Attendu que l'Association d'assurance contre les accidents est un établissement public, une personne morale de droit public, qui fonctionne sous la tutelle de l'Etat, auquel s'applique la procédure administrative non contentieuse; Attendu que le principe du respect du caractère contradictoire de la procédure administrative implique pour le particulier le droit d'être avisé de l'existence d'une procédure dont l'issu peut l'atteindre dans ses intérêts et dans sa situation individuelle et le droit de présenter utilement sa défense, d'être informé des griefs retenus et d'obtenir communication du dossier, (...) que cette lettre de mise en demeure, précisant et motivant les griefs de nature à justifier la sanction administrative aurait dû l'avertir qu'une amende d'ordre peut être infligée par l'organe de décision de l'Association d'assurance conformément aux dispositions de l'article 154 du Code et l'informer qu'il dispose du droit de se faire assister par un avocat, d'obtenir communication du dossier administratif, de présenter ses observations et d'être entendu en personne; que cette précision et motivation des griefs de nature à justifier une sanction est également indispensable pour permettre au Conseil arbitral d'exercer le contrôle de la légalité qui lui appartient; Attendu que les formalités d'ordre public protectrices des droits de la défense prévues conformément aux dispositions du règlement grand-ducal du 8 juin 1979, relatif à la procédure à suivre par les administrations, n'ont dès lors pas été suffisamment respectées et que la décision intervenue, ayant méconnu ces règles et ayant été prise sans observation de celles-ci et notamment sans avoir donné le moyen à la société T. de faire valoir ses observations, est à annuler;

Corps

Reg. No G 239/01 I

G 250/01

GRAND-DUCHE DE LUXEMBOURG

Conseil Arbitral des Assurances Sociales

Audience publique du vingt-huit janvier deux mille deux

Composition:  
M. Paul Capésius, président du siège,
M. Jeannot Franck, assesseur-employeur,
M. Jeannot Kayl, assesseur-assuré,
ces deux derniers dûment assermentés;  
M. Christophe Alesch, secrétaire,

Entre:

T. S.à r.l., ... ;

partie demanderesse,

comparant par Maître Tania Hoffmann, avocat, en remplacement de Maître Roland Assa, avocat-avoué, Luxembourg ;

Et:

l'Association d'assurance contre les accidents, section industrielle, dont le siège est à Luxembourg, représentée par le président de son comité-directeur , Monsieur Paul Hansen, docteur en droit, demeurant à Fentange;

comparant par Monsieur Claude Rumé, attaché de direction, et Monsieur Claude Seywert, Luxembourg, mandataires suivant procuration écrite;

Par requêtes déposées au siège du Conseil arbitral des assurances sociales les 30 octobre 2001 et 5 novembre 2001, la partie demanderesse forma recours contre une décision du comité-directeur de l'Association d'assurance contre les accidents, section industrielle, du 20 septembre 2001.

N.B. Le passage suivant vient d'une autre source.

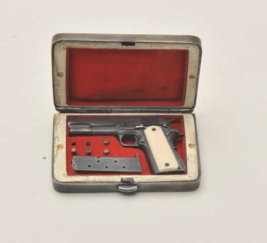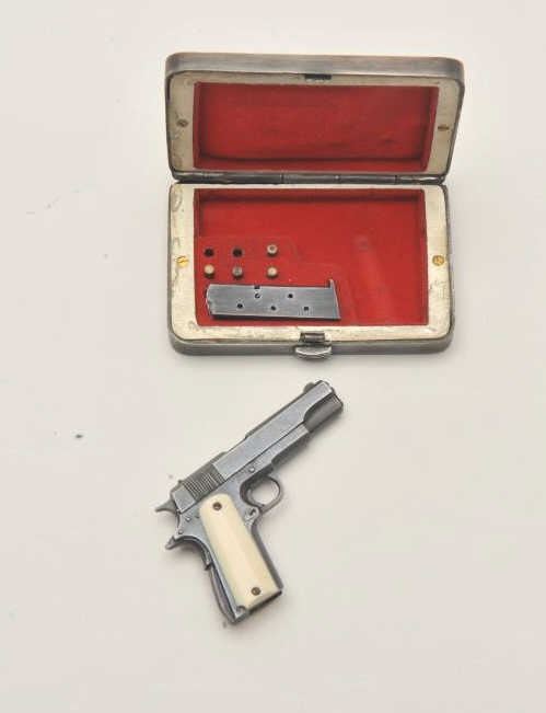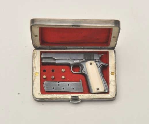 Miniature .45 semi-automatic 1911 A-1 style pistol, finely made and in beautiful silver jeweler made casing! Est.: $600-$1,200.

Par lettres recommandées à la poste en date du 6 décembre 2001, les parties furent convoquées pour l'audience du 10 janvier 2002, à laquelle la partie requérante comparut par Maître Tania Hoffmann, préqualifiée. La partie défenderesse comparut par ses mandataires Messieurs Claude Seywert et Claude Rumé, préqualifiés.

Le président du siège ouvrit les débats par un exposé de l'affaire. Ensuite, les parties présentèrent leurs observations. La partie demanderesse maintint ses conclusions introductives d'instance. La partie défenderesse conclut au rejet des moyens soulevés en ordre principal et en ordre subsidiaire dans la requête déposée par la partie adverse et à la confirmation de la décision attaquée.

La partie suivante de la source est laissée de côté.